Now, in consideration of our mutual promises and agreements, and for other valuable consideration, the Parties agree as follows:
(a) Included Services. You are hiring Ventus to perform website design, hosting, and maintenance services (collectively the “Services”) on Your behalf. The specific Services are described below in this Section, unless otherwise agreed to in writing.
(i) We agree that Ventus is only responsible for the Services listed in this Section unless We mutually agree otherwise.
(ii) We agree that the Services may be modified or expanded during the term of the Agreement, upon written agreement by authorized representatives of both Parties.
(iii) You agree that Ventus may use subcontractors and consultants to perform some of the Services to be provided under this Agreement.
(b) Fees. You will pay Ventus for all Services rendered as specified in this Agreement. The cost for all services (the “Fees”) will be paid in accordance with the terms of this Agreement and do not include taxes, levies, duties, governmental charges, and expenses (except for Ventus’ income taxes), which will be billed separately to and paid by You. The Services requested by You must be agreed to in writing by the Parties. The Fees for each service are set forth below:
Starter Website Setup Fee
| Setup Fee | $599.00 |
| Included Services |
|
Ongoing Monthly Service Fee
(Included for the first month Setup Fee, then automatically billed monthly)

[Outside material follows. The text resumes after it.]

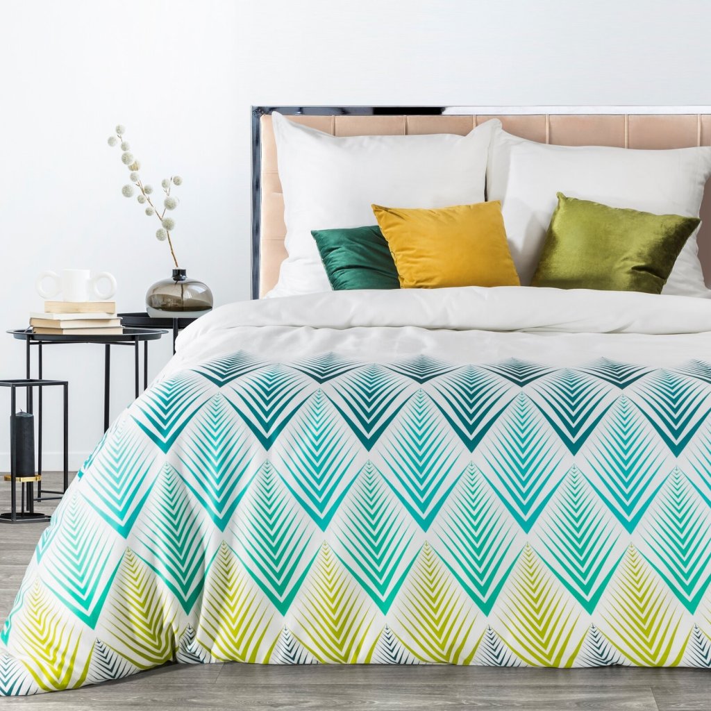 Dopřejte své ložnici moderní vzhled s tímto elegantním bavlněným saténovým povlečením. Bílý základ doplňuje originální geometrický vzor v odstínech zelené, modré a žluté, který působí svěže a stylově. Šířka: 220 cm, délka: 200 cm, povlak na polštář: 2 ks 70x80 cm, barva: vícebarevná, gramáž: 115 GSM, složení: 100% bavlna.Doplňkové parametry

| Hosting Fee | $129.00 monthly automatic charge |
| Included Services |
|
A-la-carte Services
| Hourly Rate | $115.00 |
(c) Expenses and Additional Services. You shall reimburse Ventus for reasonable expenses and services incurred in connection with the performance of the Services, including software licenses, stock media (photography, videos, audio, stock media), additional copywriting, and any requested working files such as Photoshop, Illustrator, or InDesign files.
Monthly auto-payments will be charged to Your credit card. The monthly amount will be based on the selected Services described in Section 1 above. You cannot offset or withhold any payments. Late payments will accrue interest charges at the highest rate allowed by law, payable monthly. If any amounts become past due, Ventus may withhold further Services until all outstanding payments are made, without breaching its obligations under this Agreement.
(a) Ventus will create the website according to Your specifications based on the Strategy Meeting. Further revisions will be made only if Ventus has not accurately implemented Your requests from the Strategy Meeting.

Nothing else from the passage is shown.